Re: reading a particular line in a large text file
by jimbojones (Friar) on Oct 15, 2004 at 22:10 UTC
    Hi

    I ran your code and had the same error. The problem is that you haven't imported the O_RWDR and O_CREAT constants.

    Try adding
    use Fcntl;
    to the top of your script.

    also, you probably want
    #!/usr/bin/perl
    -jim
Re: reading a particular line in a large text file
by TheEnigma (Pilgrim) on Oct 15, 2004 at 20:28 UTC
    In     sysopen(IDX,$indexname, O_CREAT|O_RDWR),
    $indexname  will be  dvd_subtitles_final.txt.index.

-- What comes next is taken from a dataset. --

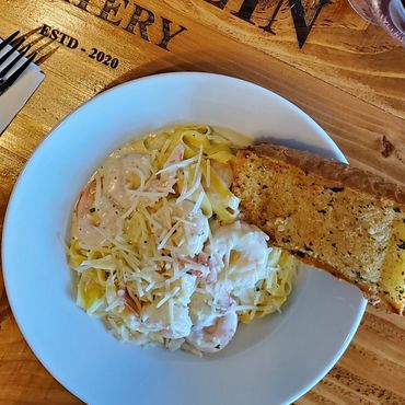 Made in-house pasta, Oregon Rockfish, prawns, and Manila clams. All tossed together with our own creamy Alfredo sauce and a slice of toasted garlic bread.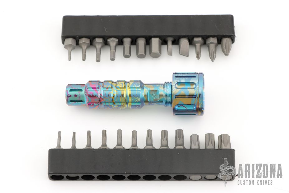 Anodized titanium bit driver with slots for tritium inserts. Comes with original box, papers, sticker and bit sets. Excellent condition.

    I'm guessing you just want    dvd_subtitles_final.index,
    so you'll have to remove the  .txt  first.

    TheEnigma

      nope . tried doing that, doesnt help . same message cannot open dvd_subtitles_final.index for read/write.
Re: reading a particular line in a large text file
by jimbojones (Friar) on Oct 15, 2004 at 22:14 UTC
    Just as a follow-up, I got that from
    perldoc perlopentut
    -jim
      thanks for tha reply . It now creates that index file , but still does not return any lines . just print out the " Didn't find line in text " error. Any idea why??
        Your data file is opened on the DVD filehandle originally. You then use *ORIG as the filehandle to the line lookup subroutine call (cut 'n' paste error from the Perl Cookbook)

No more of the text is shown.